QlpoOTFBWSZTWcQXC3QAABxfgAASQIUAAII4lIA//d6gIACVCKeRD9U9TQAaaNAaDVPBJieqPUekaGCepkIBgYxF+8WUW3BfW2suRcsffsIPrpnsqbeQr4ftcYtpIs9YGxbwlvLmS+wqk9FBoC2NoTzvgZTvi5bIe3FIDQiDnTTOF1vcuKTSAoVWg4VCcq3ZXzWkzWJJfkdYBzQ4kDiPEAFJCbhMOWpIfxdyRThQkMQXC3Q=


----------



## Davey G (Jan 15, 2006)

look dad, I sharpened the barbs really well on your new lure, whoops....

eeoowwcchh...

:roll:


----------



## justcrusin (Oct 1, 2006)

Did that with a nail gun once, Only once learnt to keep fingers out of the way then.
At uni they call that experiential learning, but i reckon it just sucks

Ouch 
Dave


----------



## JT (May 25, 2006)

This shot is one that was sent to me a couple of days ago. Happened to a chap on the central coast over the weekend. Not sure of the circumstances but he apparantly had to wait until he got home as he had no pliers to take the end off. Sure looks like it hurt though 

(picture sent to me by Tackle World Mark's Point. Hope none of you mind me mentioning their name. I said I would when I obtained permission to post it. They are good blokes by the way).


----------



## evarn (Jul 10, 2006)

I had a finger operation a month ago and they put a pin in it. I had it removed last thursday, so I know how this guy must've felt!

Ivan


----------



## Polar (Sep 1, 2005)

Oh no I gonna faint..............I'm back< very bloody painfull


----------



## Y-Knot (Sep 26, 2006)

yeah, Hmmmmm, arhhhhhhh yep...


----------



## Dodge (Oct 12, 2005)

Another good example of the advantage of crushed down barbs on trebles, and be able to remove it, rather than go for the camera


----------



## rawprawn (Aug 31, 2005)

Didnt pick a small lure to try it out on did he.
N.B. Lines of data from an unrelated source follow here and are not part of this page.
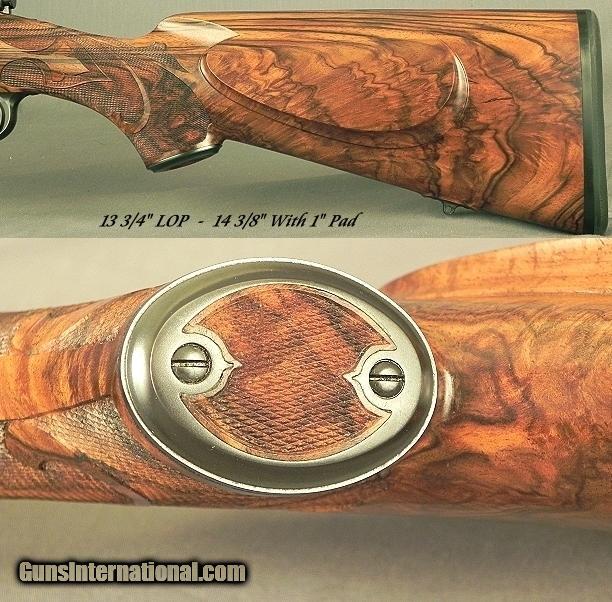 Description: #701, Gary L. Goudy 25-06 Improved (40 Degree Shoulder) Full Custom Built by Him in 2001 on a Winchester Pre-War Model 70 Action #701 that was Made in the 1st year of Production in 1936, It was custom ordered and built for a Doctor in Wadesboro, N. C. with Exhibition Wood & Exhibition checkering, 2 piece scope bases, Model 70 trigger, Action rails inside are polished, Built-up & checkered bolt stop release, Blackburn bottom metal with a straddle hinged floorplate with a center bow release, 5 panel teardrop bolt knob checkering, A Goudy Custom Classic style stock, Super piece of English Walnut wood that was ordered as Exhibition, Shadowline European style cheekpiece, Outstanding wrap around Fleur-de-lis checkering pattern with ribbons thru the panel with carved borders for the Fleur-de-lis's with checkering inside the inset, Not many custom stockers can cut a pattern like this, Check out the photos, Skeleton grip cap, 2 screw tiedown sling eyes, 8 lbs. 4 oz. as is with the bases, 13 3/4" LOP over a 1/2" pad, Can go to 14 3/8" with a 1" pad, The bore remains as new, The original rust blue remains at 98%, The original stock finish at 96%, The checkering is at 100%, The rifle is accurate. Mr. Goudy is one of the best stockers and certainly is at the top of the class of American Classic Style bolt rifles. He knows the game well and he is a hunter that applies the field to the gun. SOLD |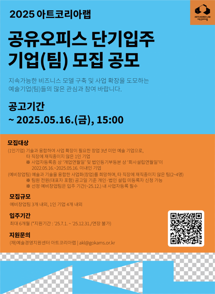 아트코리아랩은 문화체육관광부와 예술경영지원센터가 2023년 10월 개관한 예술가·예술기업 종합지원 플랫폼이다. 예술기업이 안정적으로 창업하고 성장할 수 있도록 사무공간, 창제작·시연 공간 등 인프라 제공 및 이와 연계된 다양한 지원 사업을 운영하고 있다. 그 일환인 단기입주 지원 프로그램은 기술과 융합 확장이 필요한 예술기업(팀)을 위해 마련됐으며, 6개월간 입주공간, 제작시설, 맞춤형 성장 지원 프로그램을 제공한다.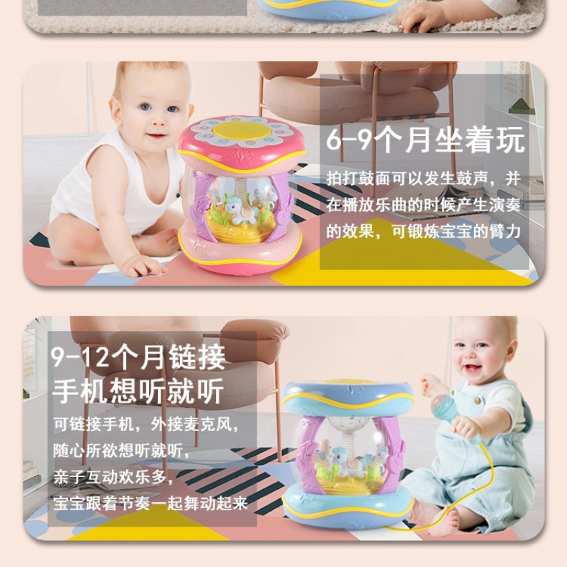 宝宝旋转木马手拍鼓音乐鼓电动拍拍鼓儿童玩具鼓充电鼓婴儿早教

Not real smart on the Central Coast are they


----------



## JT (May 25, 2006)

Ahh don't be too hard on yourself Greg :lol:


----------



## andybear (Jan 15, 2006)

Hi all,

And just to make things worse, our creator put umptythree percent of all our nerves in our fingers, just to make sure it bloody hurts...... oooh I might start to flatten my barbs!

Cheers all Andybear :lol:


----------



## paffoh (Aug 24, 2006)

Did this about 1 1/2 months ago but didnt want to even think of taking a photo, after gaining the courage i reversed it through and proceeded to pass out without even getting off the launch site 

This looks a little worse though, poor guy.


----------



## troppo (Feb 1, 2006)

That pic is more evidence that my strategy of removing all hooks from lures is the best practice.


----------



## spooled1 (Sep 16, 2005)

The good news for this fella is the exposed hook point and barb.

In terms of hooking ones finger, this is the text book version for ease of removal.


----------